Website, Holotropic Site
"If I am the father of LSD, Stan Grof is the godfather. Nobody has contributed as much as Stan for the development of my problem child." --Albert Hofmann, the discoverer of LSD-25
Stanislav Grof, PhD is a Czech psychiatrist widely known for both his psychedelic therapy experience and for his holotropic breathing program. The promising the results of psychedelic research Grof began in 1956, along with his personal LSD experiences, convinced Stan to devote his remaining career to the exploration of 'non-ordinary states of consciousness', specifically states that can bring a person healing from previous traumas and spiritual growth. In the early 1970's, with LSD research largely ended, Stan and his late wife Christina developed a specific model of holotropic breath work - combining breathing with music and body work - to induce these same non-ordinary states of consciousness, a model which has since been built into the Grof Transpersonal Training program by teachers Tav and Cary Sparks. Stan Grof now spends most of his time teaching and writing and is currently a Professor of Psychology at the California Institute of Integral Studies (CIIS) in the Department of Philosophy, Cosmology, and Consciousness in San Francisco, CA, and at Wisdom University in Oakland, CA.
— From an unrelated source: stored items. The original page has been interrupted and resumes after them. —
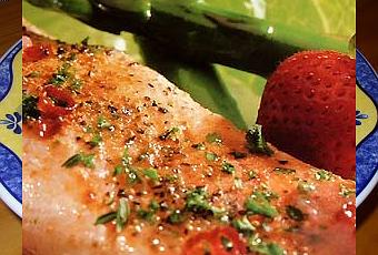 Salmón: 6 filetes de salmón (150 g cada uno)6 fresas de California Strawberry Commission, en mitades1 ramita de tomillo fresco al gusto
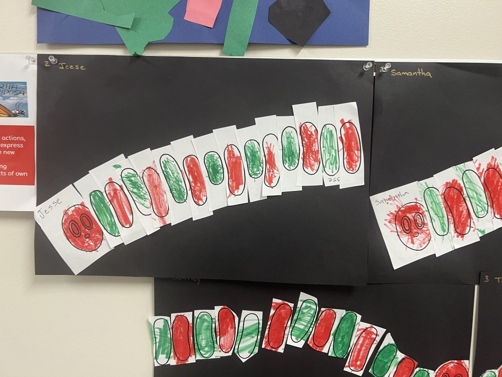 Using markers, scissors, and a glue stick in the creation of our pattern caterpillars was a great task for the beginning of the year.
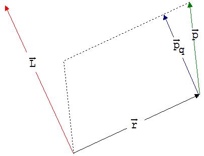 Unter dem Drehimpuls L von p verstehen wird das Produkt mit dem Betrag |r| ·|pq|. pq ist die Komponente von p senkrecht zu r in der von r und p aufgespannten Ebene (siehe Abb. 4). L hat im Fall einer Linksdrehung ein positives und andernfalls ein negatives Vorzeichen.
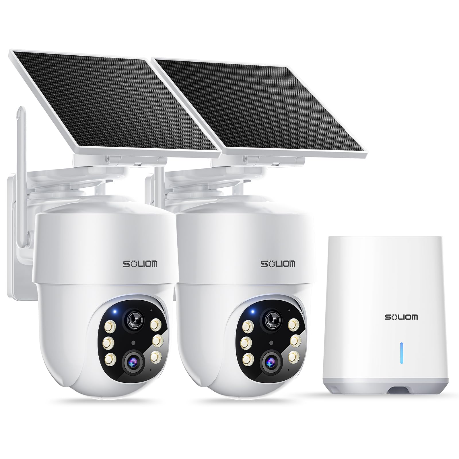SOLIOM- 5MP Security Cameras Wireless Outdoor, No Subscription & Solar Powered,2-Cam Pack Home Security Camera with 360° Auto Human Motion Tracking,
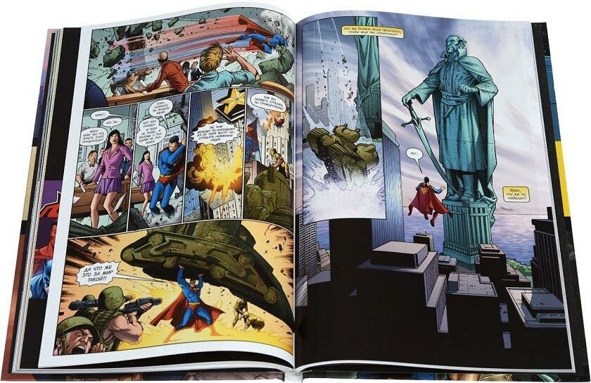 В самый неудачный для человечества день все пошло наперекосяк. Бэтмен и Супермен держут планету стальной хваткой. У людей есть лишь два варианта. Повиноваться или умереть. Начиная с оригинальной обложки читатель может уловить настроения Нового Мирового Порядка. Статуя Свободы передала свои бразды двум величайшим существам запечатленных в металле. Гора Рашмор - бывшее пристанище великих американских президентов ныне застыла в облике Кал-Эла и Бэтса. Так ли было всегда? Куда подевались отличные герои которых мы знали? Ответ на этот вопрос не знает даже Чудо-Женщина.В качестве приглашенных звезд как всегда заглянут на огонек Флэш, Аквамен, Зеленый Фонарь, Марсианский Охотник и даже Джона Хекс(Да, да!!!)! Как относиться к главным персонажам по прочтении решать Вам. Герои или злодеи? -
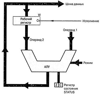 Связка АЛУ/рабочий регистр (аккумулятор) является "сердцем" любого микроконтроллера. Причем при использовании компьютера или микроконтроллера, нам совершенно не нужно досконально знать их внутреннее устройство.
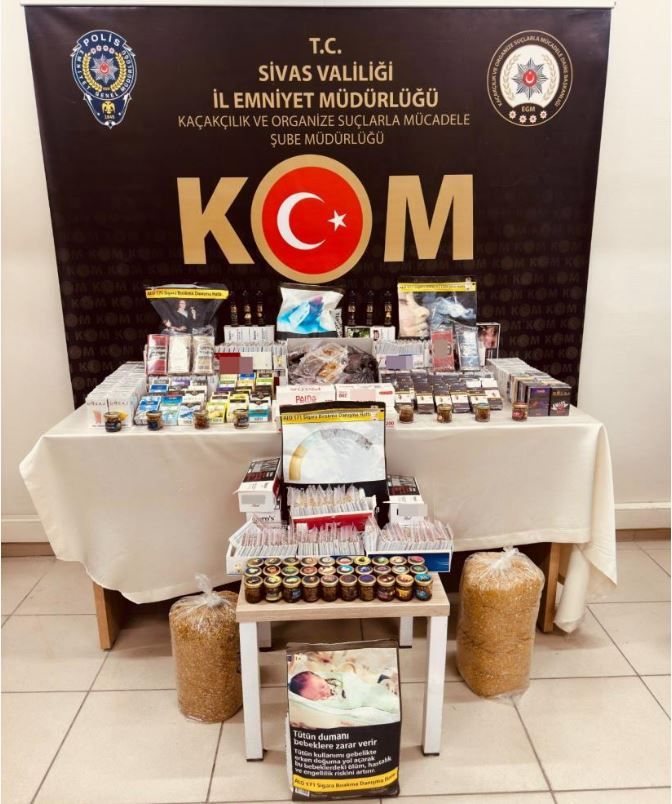 Kaçakçılık ve Organize Suçlarla Mücadele Şube Müdürlüğü ekiplerince, kaçakçılık olaylarını engellemek amacıyla düzenlenen operasyonlar hız kesmeden devam ediyor. Geçtiğimiz günlerde ve yılbaşı öncesinde Sivas Cumhuriyet Başsavcılığı koordinesinde yürütülen çalışmalarda 5 işyeri ve 1 araçta yapılan arama işlemlerinde çok sayıda kaçak alkol ve tütün ürünü ele geçirildi. Yapılan çalışmalarda; 80 Şişe Kaçak/Sahte Alkol,10,250 Kilogram Kaçak Nargile Tütünü, 3.400 Adet Bandrolsüz Boş Makaron, 5.280 Adet Doldurulmuş Makaron/Sigara, 6 Adet Elektronik Sigara Likiti, 5 Paket Kaçak Pipo Tütünü, 45 Paket Bandrolsüz Kaçak Sigara, 12 Kilogram Bandrolsüz Açık Tütün ele geçirildi. Olaya ilişkin, 7 şahsa Kaçakçılıkla Mücadele Kanununa Muhalefet suçundan yasal işlem yapıldı. (İHA)
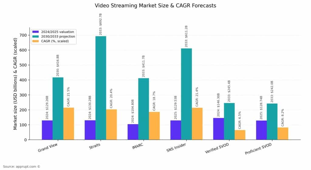 | Video streaming market (2033 est.) | $242B–$693B | Projected |

"In one of my early books I suggested that the potential significance of LSD and other psychedelics for psychiatry and psychology was comparable to the value the microscope has for biology or the telescope has for astronomy. My later experience with psychedelics only confirmed this initial impression. These substances function as unspecific amplifiers that increase the cathexis (energetic charge) associated with the deep unconscious contents of the psyche and make them available for conscious processing. This unique property of psychedelics makes it possible to study psychological undercurrents that govern our experiences and behaviours to a depth that cannot be matched by any other method and tool available in modern mainstream psychiatry and psychology. In addition, it offers unique opportunities for healing of emotional and psychosomatic disorders, for positive personality transformation, and consciousness evolution." --Foreword to the MAPS edition of LSD: My Problem Child (October 2005) by Dr. Albert Hofmann
What's been helpful: Stan Grof's hands-on experience with psychedelic psychiatric therapy has made him an valuable resource in these days of a re-emerging interest in psychedelics. His interviews appear in numerous documentaries on the subject, including Little Saints (posted here) and The Substance: Albert Hoffman's LSD (not yet posted but recommended for a good tour of LSD's history) as well as on websites, podcasts and YouTube channels. Stan Grof is a perfect example of the accomplished, open-minded scientist I find of interest these days, men and women pushing, pulling or dragging their selected disciplines into new connections with our expanding understanding of consciousness and reality. Dr. Grof's comments are always quiet and measured, yet full of obvious intelligence, experience and humor; a good example is this SAND presentation, Proposal for a Radical Revision of Psychiatry, Psychology & Psychotherapy. And if you've caught my earlier posts on psychedelic art, you'll understand why I was delighted to discover another trove on Stan's website - of his own work! (NSFW) Then I found out about his latest book, HR Giger and the Zeitgeist of the Twentieth Century, and it immediately went to the very tippy top of my summer reading list. What will an LSD-informed psychiatrist who produced those images have to say about the work of HR Giger(?!)..... wow, you can't even make this stuff up.